What Happened: A Benchmark for Industrial Generative Recommendation
Tencent has taken a significant step to accelerate research in generative recommender systems (GeneRec) by launching the Tencent Advertising Algorithm Challenge 2025 and publicly releasing two associated datasets: TencentGR-1M and TencentGR-10M. This initiative directly addresses a critical gap in the field: the lack of large-scale, realistic, and fully multi-modal public benchmarks designed specifically for generative recommendation in an industrial advertising context.
The core innovation is the data itself. Constructed from de-identified Tencent Ads logs, these datasets provide sequential user interaction data at a massive scale:
- TencentGR-1M (Preliminary Track): 1 million user sequences, with up to 100 interacted items per user. Each interaction is labeled with exposure and click signals.
- TencentGR-10M (Final Track): Scales to 10 million users and introduces a crucial refinement: it explicitly distinguishes between click and conversion events at both the sequence and target item level. This allows models to be optimized not just for engagement, but for high-value business outcomes.
Crucially, the datasets are "all-modality." Each item is represented not only by collaborative identifiers (IDs) but also by rich multi-modal embeddings—likely covering text, image, and video content—extracted using state-of-the-art models. This structure forces researchers to build systems that can fuse traditional collaborative filtering signals with deep semantic content understanding, a necessity for modern luxury and retail platforms.

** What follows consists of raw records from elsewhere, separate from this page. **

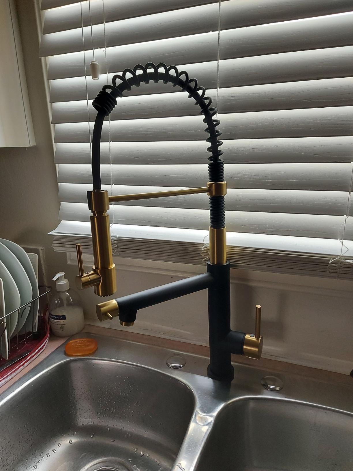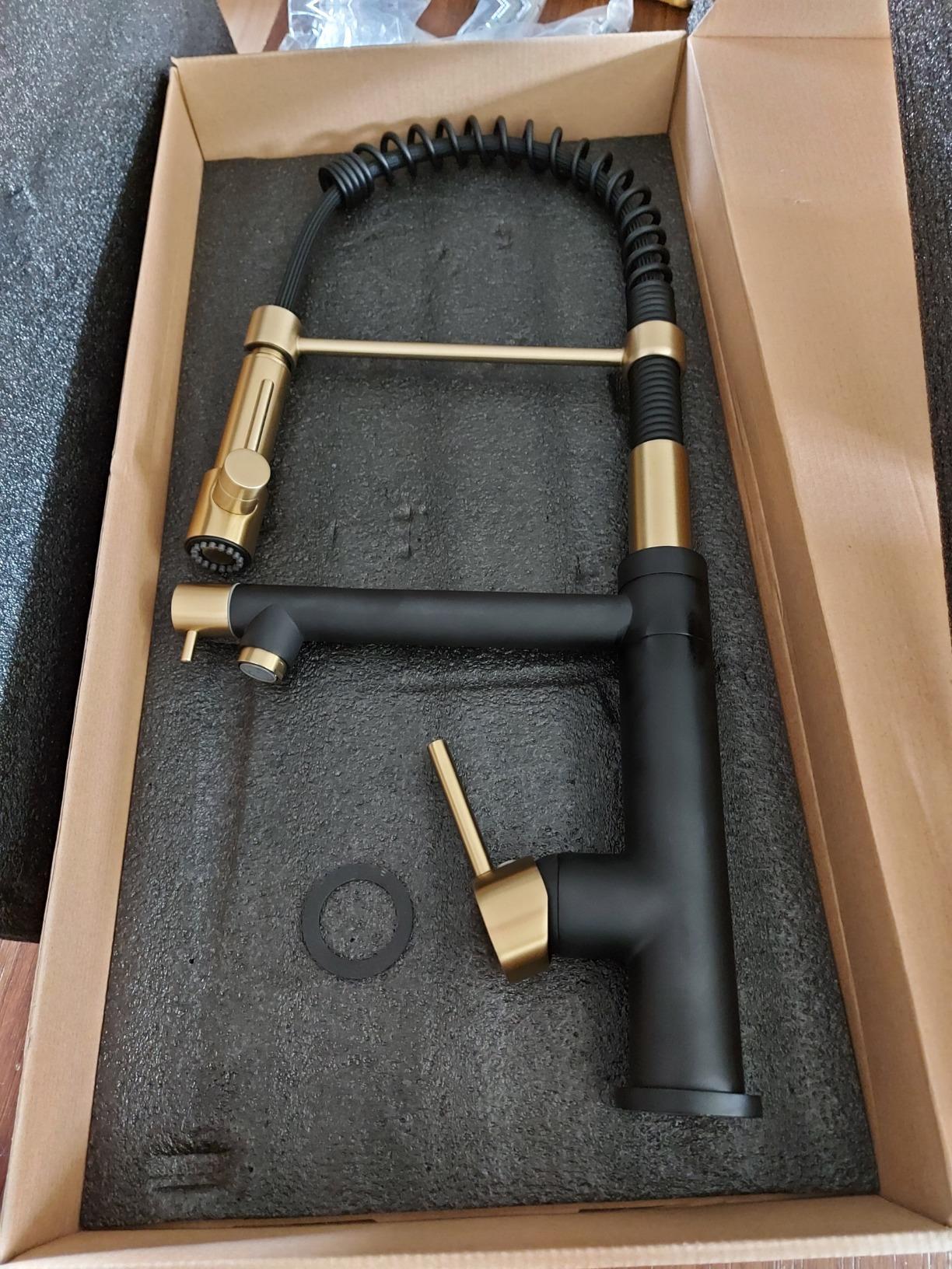 Product Summary: Kitchen Faucet,Pull Down Sprayer Kitchen Sink Faucet, High Arc Pull Out Kitchen Sink Faucets,Black and Gold Springs Faucet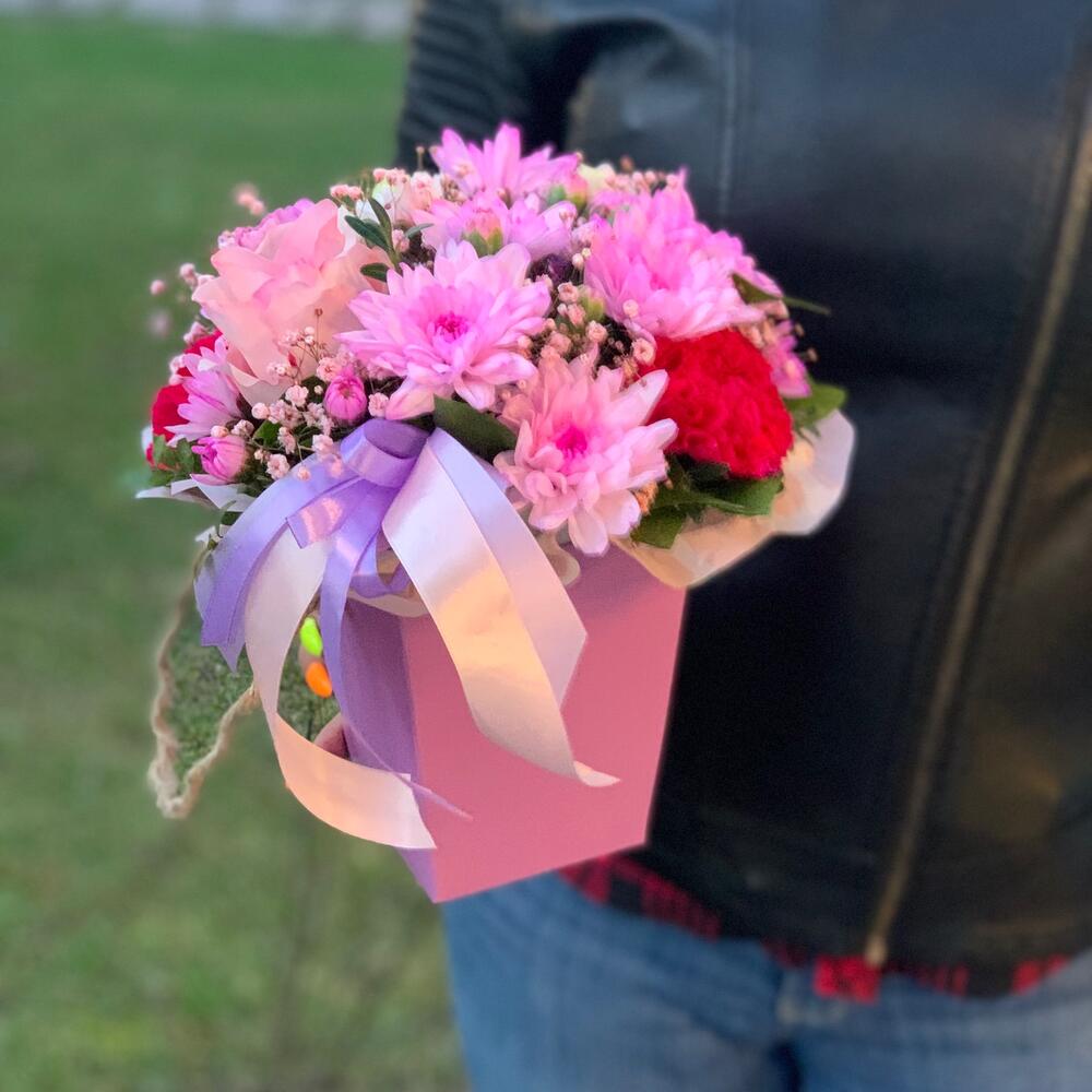 Цветы в коробочке розовой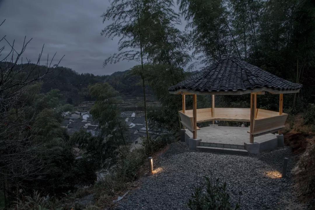 就在我們改造老房的同時,有很多破舊和廢棄的木材被拆下來。我們也把這些木料進行翻新,重新搭接成了一個小亭子,放在半山腰。它可以俯瞰整個村子。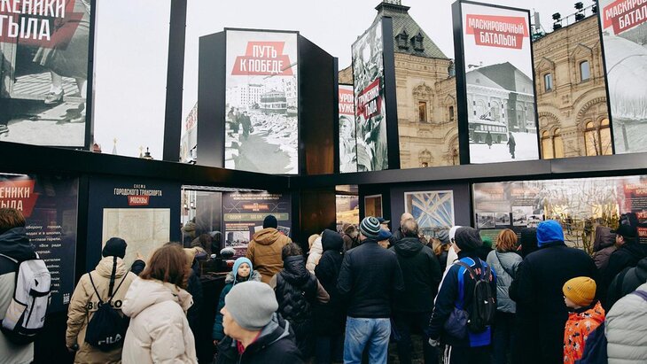 На Красной площади открылся музей под открытым небом "Город живых историй", посвященный 84-й годовщине военного парада 1941 года. Экспозиция, несмотря на будний день, привлекла множество посетителей разных поколений.

The competition and dataset release have already catalyzed new research, as evidenced by two accompanying papers that tackle persistent challenges in the GeneRec paradigm.
Technical Details: Addressing Core Challenges in Generative Recommendation
The source material highlights three key technical threads emerging from this ecosystem.
1. The TencentGR Datasets & Challenge
The datasets map users' historical behavior into sequences of discrete tokens (representing items). The task for GeneRec models is to autoregressively predict the next item a user will interact with, conditioned on their past sequence and the rich multi-modal context. The evaluation protocol introduces a weighted metric that values high-value conversion events more than simple clicks, aligning model performance directly with business ROI.
2. CRAB: Combating Popularity Bias in GeneRec
A major weakness of current GeneRec models is their tendency to amplify popularity bias—over-recommending popular items at the expense of niche or new products. The paper "CRAB" identifies two root causes: (1) imbalanced tokenization that inherits historical bias, and (2) training procedures that favor frequent tokens.
CRAB proposes a post-hoc debiasing strategy. After a model is trained, it rebalances the semantic token codebook by splitting over-popular tokens while preserving their hierarchical semantic relationships. It then introduces a tree-structured regularizer during further training to enhance semantic consistency for unpopular tokens, encouraging more informative representations. This is a critical advancement for luxury retail, where the long-tail of products and new collections must be surfaced effectively.
3. NSGR: A Tree-Based Generative Reranking Framework
Reranking—the final stage where a candidate set is ordered into a final list—is vital for modeling item-item context. The paper "NSGR" proposes a Next-Scale Generation Reranking framework to solve two problems: generators lacking both local and global perspective, and goal inconsistency between the generator and evaluator during training.
NSGR uses a next-scale generator (NSG) that builds a recommendation list in a coarse-to-fine manner, progressively expanding from broad user interests to specific items. It is guided by a multi-scale evaluator (MSE) that provides scale-specific feedback via a novel tree-based loss. This approach, already deployed on Meituan's platform, creates more coherent and contextually appropriate final lists.
Retail & Luxury Implications: From Research to Personalization
While these are research papers, they point to the near-future architecture of high-end retail recommendation systems.

The All-Modality Imperative: For luxury, an item's story—craftsmanship, material, heritage—is as important as its collaborative popularity. A system that can tokenize and sequence not just IDs but also visual aesthetics, descriptive copy, and campaign imagery can move beyond "users who bought this also bought" to "users who love this aesthetic and narrative might also appreciate." The TencentGR datasets provide the blueprint for training such systems.
Debiasing for Discovery and Curation: Popularity bias is the enemy of curation and discovery. A system that only recommends best-sellers stifles new designers and fails the savvy customer seeking distinction. Techniques like CRAB are essential for platforms aiming to be tastemakers, ensuring their algorithms can elevate emerging talent and deep-catalog items with strong semantic relevance to a user's refined taste profile.
Reranking as Experiential Design: The final presentation of items is a core part of the digital experience. A generative reranker like NSGR can learn to construct lists that tell a visual or thematic story—curating a capsule wardrobe, building a collection of complementary accessories, or sequencing products in a way that mirrors a brand's narrative journey. This transforms the recommendation shelf from a static set of items into a dynamically generated, context-aware experience.
The path from these arXiv preprints to production is non-trivial, requiring significant MLOps investment and integration with existing e-commerce stacks. However, they clearly delineate the next competitive frontier: recommendation as a holistic, multi-modal, generative user modeling task.